Adrian Marcu
- Full name: Adrian Marcu
- Country (sports): Romania
- Born: 3 December 1961 (age 64) Hunedoara, Romania
- Height: 191 cm (6 ft 3 in)
- Plays: Right-handed

Singles
- Career record: 0–1
- Highest ranking: No. 190 (28 March 1988)

Doubles
- Career record: 1–3
- Highest ranking: No. 195 (24 June 1985)

Medal record
Representing Romania
Summer Universiade
| Bronze medal – third place | 1983 Edmonton | Men's doubles |

= Adrian Marcu =

Romanian tennis player

Adrian Marcu (born 3 December 1961) is a former professional tennis player from Romania.

==Biography==
Marcu, a right-handed player from Hunedoara, began touring professionally in the early 1980s.
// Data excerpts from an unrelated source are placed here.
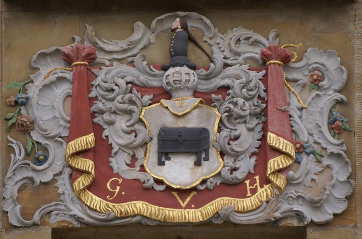 Das Wappen des Bauherrn ist in der Mittelachse hoch über der Tür angebracht und trennt zwei Fenster. Der Hintergrund wird wie bei der Inschrift aus weißen Rocaille-Ornamenten und bunten Blümchen im verspielten Stil des Rokoko gebildet. Darauf ist ein roter, beiderseits hochgeraffter Wappenmantel ausgebreitet, mit goldenen Fransen unten und den Initialen des Bauherrn G. V. H. für Gottfried vom Holtz. Das Wappen zeigt in Silber eine schwarze Truhe mit Beschlägen, auf dem Helm mit schwarz-silbernen (hier nicht dem entsprechend) Decken ein wachsender Rumpf eines schwarz mit goldenen Knöpfen gekleideten Mannes mit Spitzbart und hinten abstehendem Haarzopf. Das Wappen wird beschrieben im Rahrbach S. 126, im Alberti S. 344, im Siebmacher Band: Bad Seite: 55 Tafel: 34 sowie im Siebmacher Supplement IV 30.
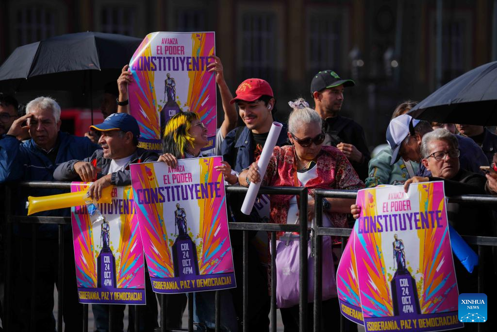 People attend a rally supporting Colombian President Gustavo Petro at the Plaza de Bolivar in Bogota, capital of Colombia, Oct. 24, 2025. The Trump administration on Friday imposed sanctions on Colombian President Gustavo Petro amid deteriorating bilateral relations, accusing Petro of allowing drug cartels to "flourish," according to a statement from the U.S. Department of the Treasury. (Photo by Andres Moreno/Xinhua)
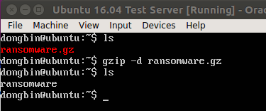 결과적으로 Guest OS에서 ransomware 파일에 실행 권한을 부여하고 실행합니다.
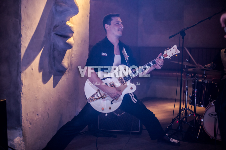 A while after 11:00pm and Vanila Swing eagerly come on stage and warm up with the audience. As an introduction they play vigorously versions of Madrid and Heard it through the grapevine by Marvin Gaye. The striking appearance of songstress Lidia Aggelaki comes in total agreement with the pin-up aesthetics, and left nobody unimpressed.

Competing on the Grand Prix circuit, he was a doubles quarter-finalist at Viña del Mar in 1982 and made his only singles main draw appearance at the 1987 Mercedes Cup held in Stuttgart. In 1988 he won a Challenger title in doubles at Sofia.

As a Romanian representative he won a bronze medal in doubles at the 1983 Summer Universiade and appeared in a total of 12 Davis Cup ties for his country, including a World Group relegation play-off against West Germany in 1984.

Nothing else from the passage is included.